# For foreigners; what do you need to apply for an MFA?



## Ikea (Jan 10, 2013)

do you need an university BA/BS/BFA degree? 

or just whatever that's in the same level as college in the US?

you're in college between year 18-20 right? so would it make sense to just have the certificate of a school you usually graduate 20 years old in Europe?

//Yes, I'm new on the forum. But looking to apply for a screenwriting program in the US this fall.. and so few schools are offering BFA's so I was wondering if I would be able to apply for an MFA =)


----------



## duders (Jan 10, 2013)

You need at least a 3 or 4 year degree, or its equivalent in your country.

Certificates are not the same as a degree.


----------



## Ikea (Jan 10, 2013)

yeah that's what I thought.. but people on here were talking about finishing college.

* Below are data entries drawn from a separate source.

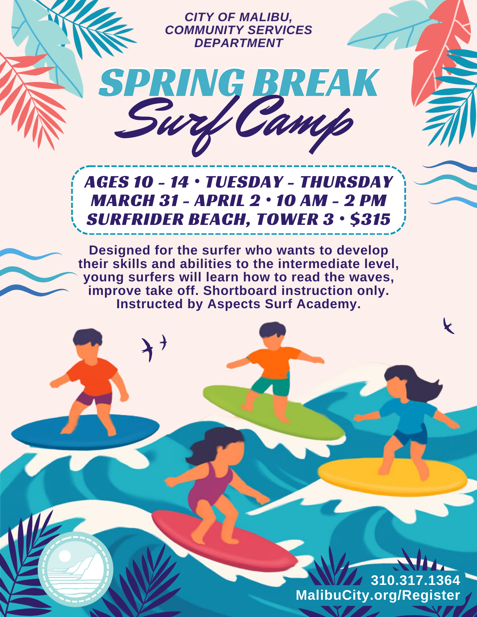 Save the Date: Summer Day Camp registration opens on Monday, May 11 at 8:00 AM at MalibuCity.org/Register. A full list of programs, ages, and descriptions will be available in the Summer Recreation Guide, available online and mailed to Malibu residents the week of May 4.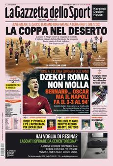 La Gazzetta dello Sport apre concentrandosi sul turno infrasettimanale appena conclusosi: titolo principale dedicato alla Roma che cerca di restare aggrappata al treno bianconero ed al Napoli che invece impatta contro la Fiorentina di un grande Bernardeschi. Spazio anche alla Supercoppa italiana ed al mercato dell’Inter, data su Lucas Leiva ed ormai in zona Champions grazie alla combinazione di risultati. Cenno anche al giovane recordman Pellegri.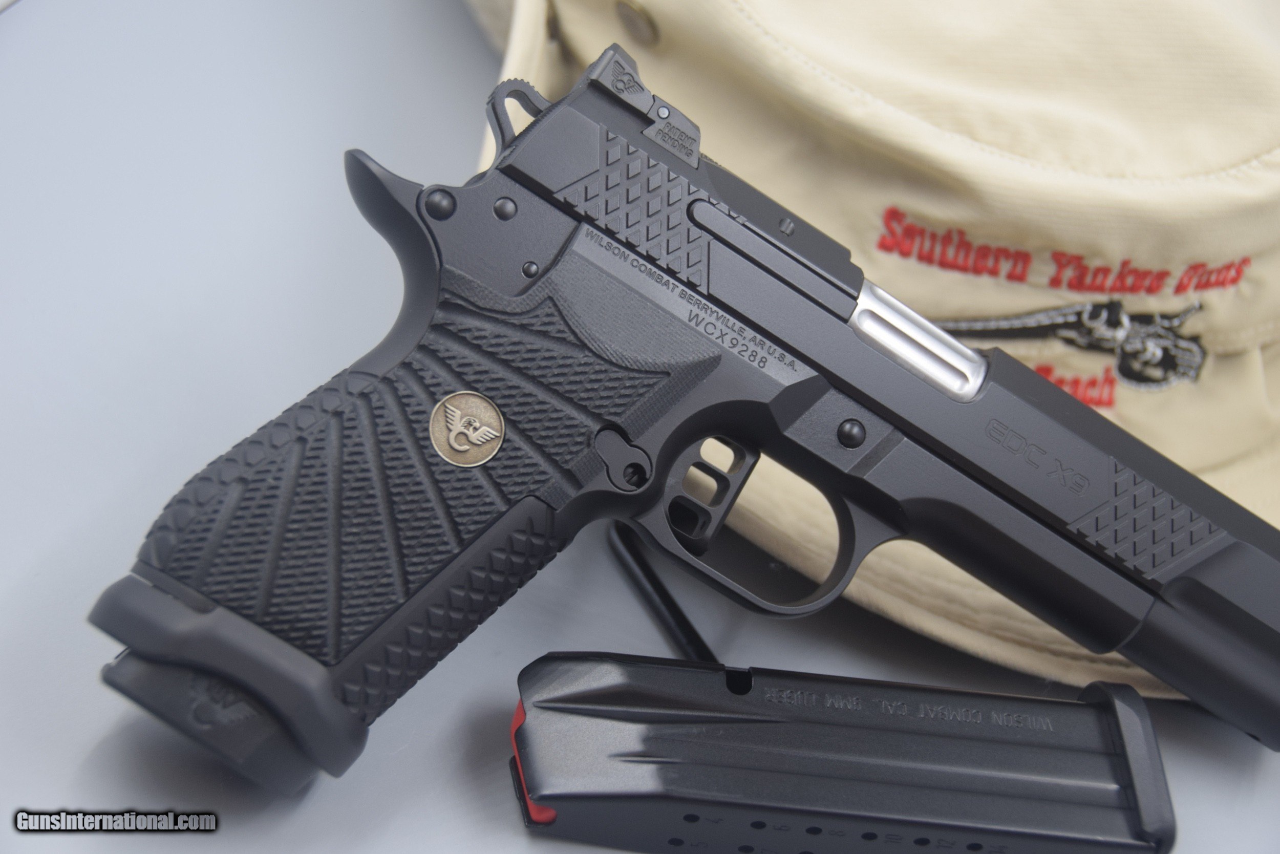 Description: Here's a MINT/fired 3 magazines full, WILSON COMBAT MODEL EDC X9-L (longslide) PISTOL IN 9 MM. This double-stack pistol has two magazines, an 18-rounder, and one for 15 rounds; AND a FLAT TRIGGER and MAG-WELL UPGRADES. All documentation is included, and it's being offered for ONLY $2599.95 SHIPPED, cash of credit card... SOLD |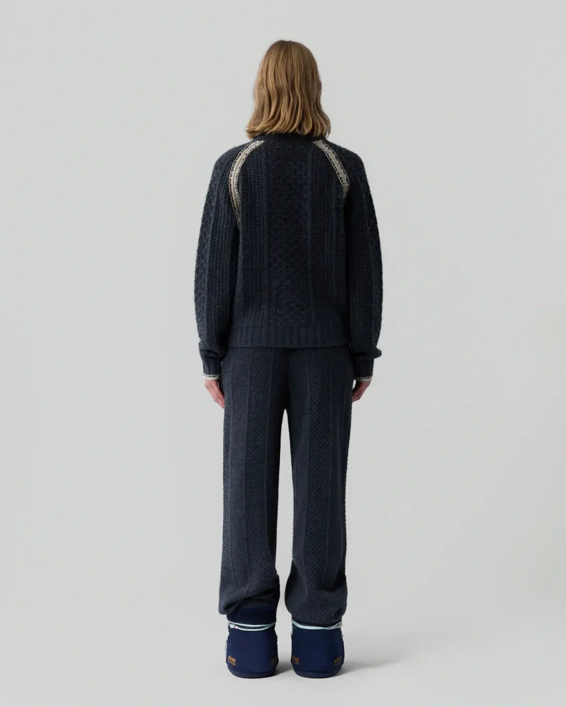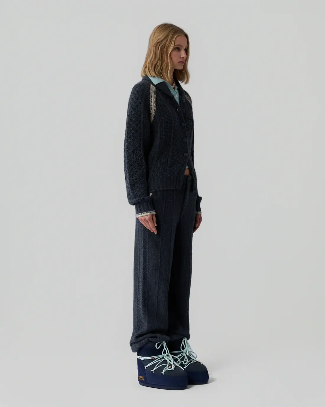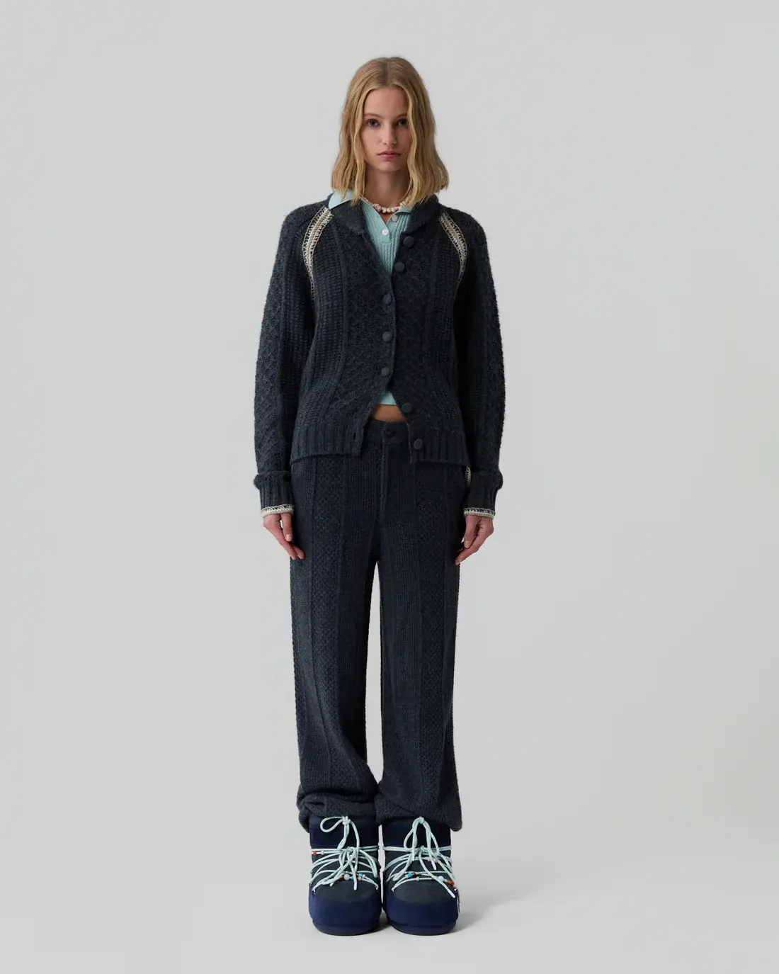A modern heirloom, the Marlowe Cable Cardigan combines rich texture with a sculptural shape. This women’s cashmere cardigan is crafted from a heavy-weight wool–cashmere blend with a vertical waffle stitch and hand-finished crochet detailing. Pair it with the matching Tailored Cable Trouser for a cozy knit set.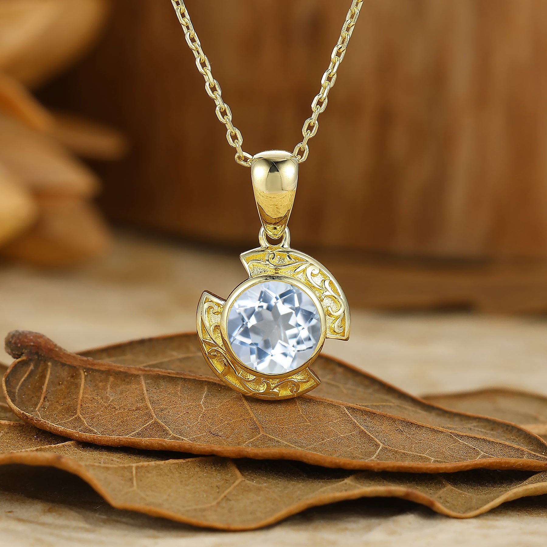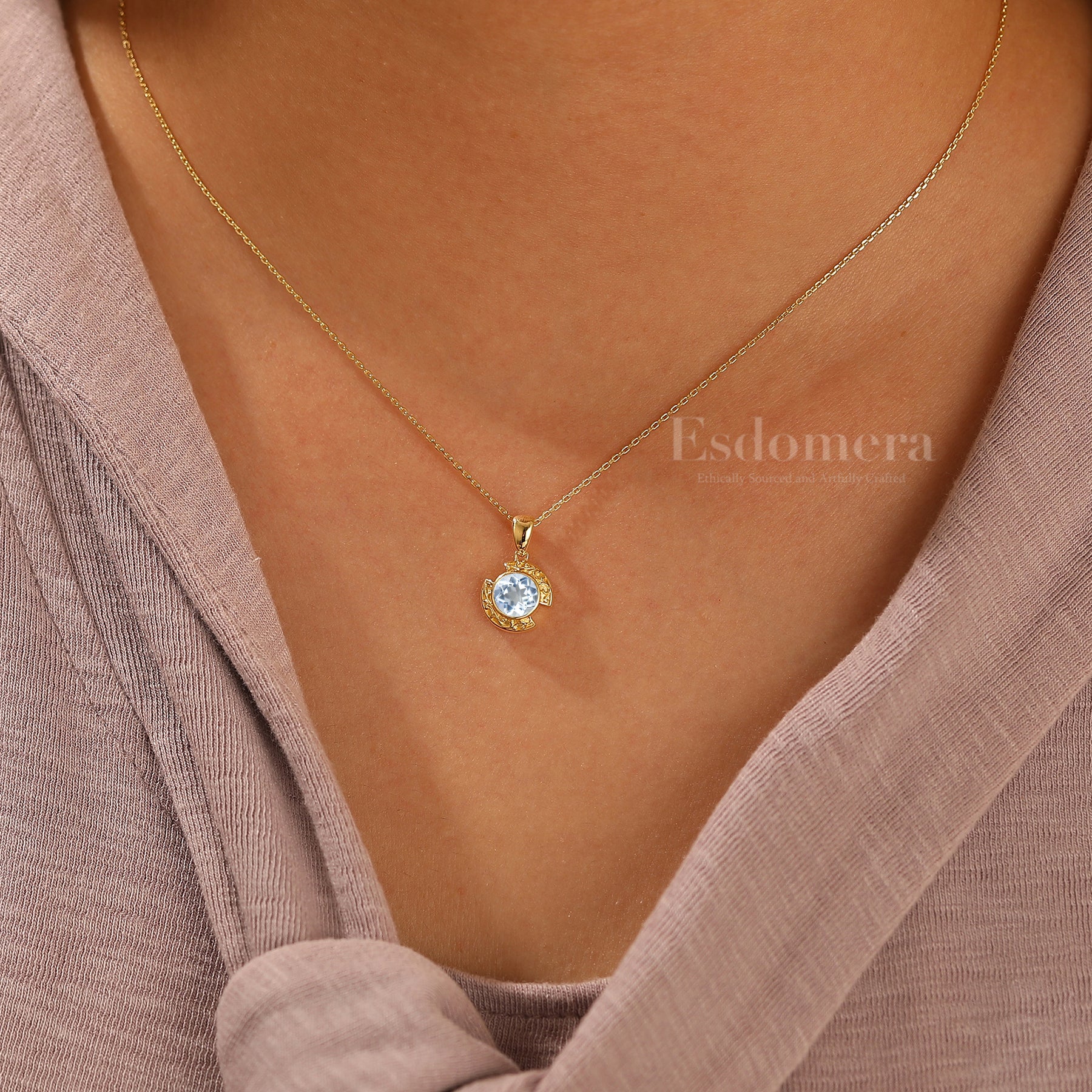 Collier pendentif en aigue-marine design croissant Brillant en or massif 14 carats pour femme

I have a degree from what would be called 'college' where I'm from but it's not an university degree (BA/BS)

would that count for an MFA?


----------



## Moira (Jan 11, 2013)

Ikea, you should write to the Admission Office of the School you are applying for (far in advance, as it can take a few weeks until they get back to you). Look it up on their websites or ask what they require. I also have a BA from Germany and on the websites, they had stated different requirements. Mostly, they want you to have an equivalent of a U.S. degree from a regionally accredited institution (and sometimes even they can't evaluate if you are eligible). If they are not sure if they will accept yours (as in my case), then you can get an evaluation from the WES (world education service) - which I did, just to be sure. It is costly, but I think it pays off. I chose a course-by-course evaluation (that one of the colleges I applied for demanded), so I have an official document now that confirms I have a U.S. equivalent degree. And they can understand my grades, because they translate your foreign grading scale into the U.S. scale. Good luck!


----------



## Ikea (Jan 11, 2013)

thank you very much for the reply Moira!

were you eligible because of your BA or something else entirely?


----------



## Moira (Jan 11, 2013)

Hey Ikea,

I was only eligible because of my BA. But some of the programs stated on their websites that they want a MA or Diploma for a graduate program, which is ridiculous. Only because the German Bachelor takes three years (in my case 3,5 years) and the U.S. degree takes four. But the WES said it is the equivalent of a bachelor's degree (which the U.S. universitys apparently didn't realize). But I am not sure about certificates, either.


----------



## Ikea (Jan 11, 2013)

Yikes!

that sounds strict.. thanks for the info!


----------